There's so much information out there (some of it really conflicting) that i'm having a bit of an information overload. I'm confused as hell and don't know what to do -beside asking you for help.

A bit of background: I've created my account back on November with the purpose of losing weight. After some trial, errors and some help from MFP I was able to 'create' (I use that term loosely) a balanced diet that fulfilled me and met my calorie goal (1200cal) at the time. I lost about 40lbs by February, at which point I came to MFP less and less but I continued on with my diet, only upping the calories a bit; my goal was to maintain because I was growing sick of focusing all of my energy on fat loss since I was satisfied with where I was. Still, I managed some more pounds over the months, nothing major tho.

As of now, I'm a 158lbs (72kg), 5"10' (176cm) 21 year old. According to my scale, my BF% is 18% but I'm no so sure as I'm plenty chubby. My life style is pretty sedentary : I work at a desk all day (summer) or study in a desk (school year). I workout 3-4 times a day (depending on the program I'm following, I used to follow BeachBody programs 6days/7), I also do some very light workouts the days i'm not doing a 'workout' from a program (Yoga if I'm feeling sore, or just walking for a few hours. The later a bit more lately since i'm using Pokémon Go as an excuse x) ).
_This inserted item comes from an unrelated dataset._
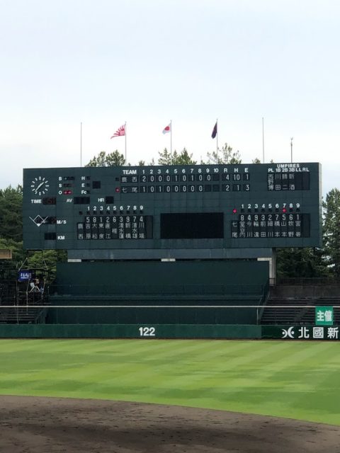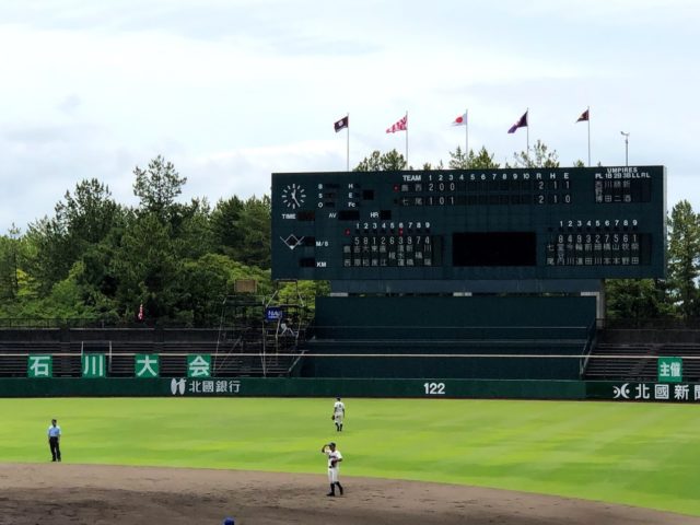 8回裏に七尾高校に同点のチャンスがあるもチャンスを活かせず、高校野球特有の9回の大逆転サヨナラ勝利を期待しましたが、相手ピッチャーに見事に抑えられて残念ながら負けてしまいました。。。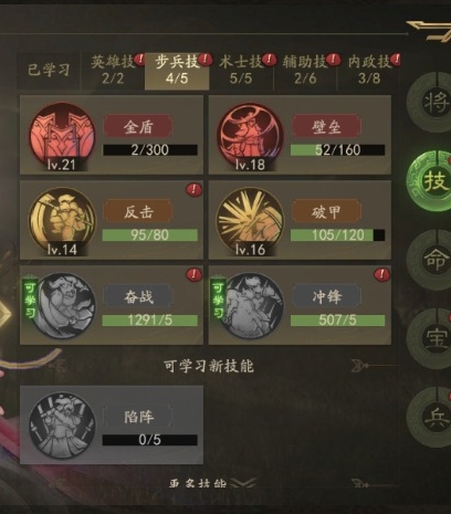 不学冲锋陷阵:步兵不学冲锋陷阵,优先选择防御技能。

As of now, I care very little for my weight. My goal is to get leaner and stronger, maybe even gain some muscles (not my focus tho), meaning losing BodyFat. My current diet is 35% Carbs, 25% Good fat (mostly from Olive oil since we have this in abundance in my house) and 35% protein. That's what I find myself doing most days at least, my goal tho is 30% carbs, 30% fat and 40% protein. I usually stay at 1400-1500 calories a day eating very nutrient-dense food. According to most websites, I should eat at the very least 1g of protein per pound (ideally 1.5g) but I have a lot of troubles for that. I eat 200gr of white meat (turkey usually) and 160g thuna everyday, with 30g of Whey on workout days and I still struggle to meat 158g of protein (Actually, I never got to that, the most I ever got was 130g I think). It's just that I'm not rich (student lol) and all of this food is already costing me a pretty penny. If you have any tips for good protein sources that won't ruin my wallet, that would be great!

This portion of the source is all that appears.